I'm very sorry about the loss of your beautiful Emma. Thanks for the wonderful pics.


----------



## Wendi (Jul 2, 2012)

I am so sorry for your loss. So sad 

The same thing happened to my sisters Yorkie. The neighbors dogs broke through the fence and mauled her, she made into the house and died later at the vet.


----------



## Elisabeth Kazup (Aug 23, 2008)

I'm so sorry...such a tragic loss. Sending prayers and hugs.


----------



## Goldenssobeautiful (May 22, 2013)

So sorry for your loss! Your pictures are beautiful!

Sent from Petguide.com Free App


----------



## goldensrbest (Dec 20, 2007)

That is just terrible, poor little girl.


----------



## murphy1 (Jun 21, 2012)

So awful. I'm sorry for your loss.


----------



## OutWest (Oct 6, 2011)

How terrible, for everyone. I'm sure Buddy is grieving, especially if he witnessed the attack. Your whole family has my sympathies. 
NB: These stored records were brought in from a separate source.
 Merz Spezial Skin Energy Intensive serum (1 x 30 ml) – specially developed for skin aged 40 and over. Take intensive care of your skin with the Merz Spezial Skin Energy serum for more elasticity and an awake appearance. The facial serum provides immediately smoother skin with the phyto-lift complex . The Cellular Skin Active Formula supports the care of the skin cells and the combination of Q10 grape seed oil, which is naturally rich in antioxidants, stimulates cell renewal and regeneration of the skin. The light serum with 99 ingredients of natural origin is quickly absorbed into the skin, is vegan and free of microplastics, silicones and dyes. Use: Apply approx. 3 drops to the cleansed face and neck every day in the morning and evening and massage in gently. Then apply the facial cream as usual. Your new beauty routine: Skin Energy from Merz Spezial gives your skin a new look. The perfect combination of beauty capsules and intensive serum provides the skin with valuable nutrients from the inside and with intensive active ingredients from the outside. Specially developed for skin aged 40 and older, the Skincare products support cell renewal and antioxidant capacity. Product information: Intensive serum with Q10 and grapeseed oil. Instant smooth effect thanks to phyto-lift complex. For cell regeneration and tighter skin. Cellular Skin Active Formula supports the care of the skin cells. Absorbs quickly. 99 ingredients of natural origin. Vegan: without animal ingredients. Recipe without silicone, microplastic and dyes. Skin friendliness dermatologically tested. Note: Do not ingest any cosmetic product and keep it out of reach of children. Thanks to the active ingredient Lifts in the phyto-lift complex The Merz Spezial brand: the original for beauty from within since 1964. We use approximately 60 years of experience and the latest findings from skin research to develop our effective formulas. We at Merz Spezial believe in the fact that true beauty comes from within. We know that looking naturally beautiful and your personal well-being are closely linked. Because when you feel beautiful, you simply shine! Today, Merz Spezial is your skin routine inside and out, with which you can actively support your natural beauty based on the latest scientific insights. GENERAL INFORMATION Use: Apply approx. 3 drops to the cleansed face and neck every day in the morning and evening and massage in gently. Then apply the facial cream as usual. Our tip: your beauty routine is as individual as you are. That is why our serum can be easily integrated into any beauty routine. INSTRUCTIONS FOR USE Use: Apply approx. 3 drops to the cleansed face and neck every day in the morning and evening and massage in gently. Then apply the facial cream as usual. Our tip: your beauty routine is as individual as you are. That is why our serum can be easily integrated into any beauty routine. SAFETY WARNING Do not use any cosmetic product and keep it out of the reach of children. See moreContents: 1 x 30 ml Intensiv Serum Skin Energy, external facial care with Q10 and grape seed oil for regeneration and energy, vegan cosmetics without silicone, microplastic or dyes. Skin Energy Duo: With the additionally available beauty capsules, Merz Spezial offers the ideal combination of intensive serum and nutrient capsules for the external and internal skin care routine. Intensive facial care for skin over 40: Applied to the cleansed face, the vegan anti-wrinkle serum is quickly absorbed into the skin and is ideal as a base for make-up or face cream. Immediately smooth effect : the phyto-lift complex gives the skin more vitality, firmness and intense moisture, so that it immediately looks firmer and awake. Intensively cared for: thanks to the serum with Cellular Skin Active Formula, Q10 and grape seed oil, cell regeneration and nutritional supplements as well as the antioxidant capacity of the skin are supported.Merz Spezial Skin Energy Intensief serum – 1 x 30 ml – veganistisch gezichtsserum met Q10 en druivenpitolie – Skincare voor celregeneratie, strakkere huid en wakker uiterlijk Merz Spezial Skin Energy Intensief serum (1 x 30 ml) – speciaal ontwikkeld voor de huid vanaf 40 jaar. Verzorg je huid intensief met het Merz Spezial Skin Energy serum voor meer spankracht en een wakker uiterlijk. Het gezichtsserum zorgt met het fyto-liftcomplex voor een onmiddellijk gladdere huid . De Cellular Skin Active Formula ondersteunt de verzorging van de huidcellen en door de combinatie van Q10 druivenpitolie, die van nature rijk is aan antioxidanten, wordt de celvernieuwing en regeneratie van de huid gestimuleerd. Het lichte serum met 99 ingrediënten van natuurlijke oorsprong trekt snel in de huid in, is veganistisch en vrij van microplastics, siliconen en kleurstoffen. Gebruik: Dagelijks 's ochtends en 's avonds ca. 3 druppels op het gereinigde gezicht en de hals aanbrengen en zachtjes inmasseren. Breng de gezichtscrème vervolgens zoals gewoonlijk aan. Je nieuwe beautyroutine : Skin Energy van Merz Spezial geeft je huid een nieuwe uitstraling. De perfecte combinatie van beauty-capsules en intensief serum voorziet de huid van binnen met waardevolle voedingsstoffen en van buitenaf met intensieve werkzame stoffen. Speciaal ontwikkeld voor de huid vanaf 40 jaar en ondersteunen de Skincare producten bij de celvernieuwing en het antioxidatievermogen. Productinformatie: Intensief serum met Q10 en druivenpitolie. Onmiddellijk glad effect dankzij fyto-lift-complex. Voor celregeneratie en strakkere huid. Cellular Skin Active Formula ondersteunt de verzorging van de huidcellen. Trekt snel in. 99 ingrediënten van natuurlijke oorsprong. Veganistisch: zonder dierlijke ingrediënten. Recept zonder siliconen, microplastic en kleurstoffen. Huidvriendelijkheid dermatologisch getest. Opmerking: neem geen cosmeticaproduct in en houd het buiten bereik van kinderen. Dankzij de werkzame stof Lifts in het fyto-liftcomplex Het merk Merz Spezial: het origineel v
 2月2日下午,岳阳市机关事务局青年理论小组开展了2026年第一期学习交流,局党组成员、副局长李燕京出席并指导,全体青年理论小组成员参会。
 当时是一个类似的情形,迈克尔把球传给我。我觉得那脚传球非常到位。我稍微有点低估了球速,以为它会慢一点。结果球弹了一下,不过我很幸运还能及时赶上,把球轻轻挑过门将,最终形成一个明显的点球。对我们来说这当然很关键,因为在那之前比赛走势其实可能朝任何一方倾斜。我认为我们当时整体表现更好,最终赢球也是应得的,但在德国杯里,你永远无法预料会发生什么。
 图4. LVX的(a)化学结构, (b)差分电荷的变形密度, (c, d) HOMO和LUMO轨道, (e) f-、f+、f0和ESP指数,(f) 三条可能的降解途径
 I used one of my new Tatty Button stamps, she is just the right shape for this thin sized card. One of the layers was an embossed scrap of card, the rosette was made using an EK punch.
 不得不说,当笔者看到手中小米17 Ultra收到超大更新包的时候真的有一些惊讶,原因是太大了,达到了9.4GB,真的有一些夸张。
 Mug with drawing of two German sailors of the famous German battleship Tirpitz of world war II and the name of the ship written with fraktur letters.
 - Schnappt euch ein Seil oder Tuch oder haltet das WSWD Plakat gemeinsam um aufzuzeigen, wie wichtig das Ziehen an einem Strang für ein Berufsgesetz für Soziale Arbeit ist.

I hope something is being done about the dogs that killed her.


----------



## CAROLINA MOM (May 12, 2009)

I am so very sorry for your loss of little Emma, so very tragic.

My thoughts and prayers to you and your family.

Godspeed Emma.


----------



## Allan's Girl (Apr 16, 2009)

Very sorry for your loss. She was beautiful.


----------



## Karen519 (Aug 21, 2006)

*Emma*

I am so very sorry about your little girl, Emma. What a little angel!


----------



## GoldenMum (Mar 15, 2010)

My heart breaks for you, I am so sorry. Such a tragic loss, poor Buddy, and all of Miss Emma's family. Gone way too soon. RIP sweet girl.


----------



## Jennifer1 (Mar 31, 2012)

I'm so very sorry


----------



## Lucylulu (Aug 4, 2013)

are you flipping kidding me?? What are the neighbors doing about it? Their dogs should be put down and they should get you another puppy....


----------



## Willow52 (Aug 14, 2009)

I'm so sorry, what an awful thing to happen to your girl. Godspeed dear little Emma.


----------



## Winnypoo (Jan 9, 2013)

My heart is so sad right now..I'm so sorry to hear of this terrible tragedy. Buddy and his brother tried to save their precious sister..and I am sure Emma knew it. My heart goes out to them and your entire family. Your sweet Emma will now be watching over her beloved family. Take care.


----------



## PrincessDi (Jun 8, 2009)

This is so tragic! I can't imagine how terrible this was to see happen! So sorry for your loss.


----------



## brianne (Feb 18, 2012)

So very sorry to hear about sweet Emma. How horrific! 
Peace to you and your family.


----------



## *Laura* (Dec 13, 2011)

How awful and heartbreaking. I'm so very sorry.


----------



## goldensmum (Oct 23, 2007)

So sorry for your loss of Emma and under such tragic circumstances

Sleep softly Little Emma


----------



## Penny & Maggie's Mom (Oct 4, 2007)

So tragic. I'm so sorry. Godspeed little one.


----------



## Mausann (Oct 9, 2010)

I am so sorry for your loss, such a shame that it had to happen.


----------



## dezymond (May 3, 2012)

Poor Emma, she didn't do anything to deserve what happened to her. So sorry for your loss. 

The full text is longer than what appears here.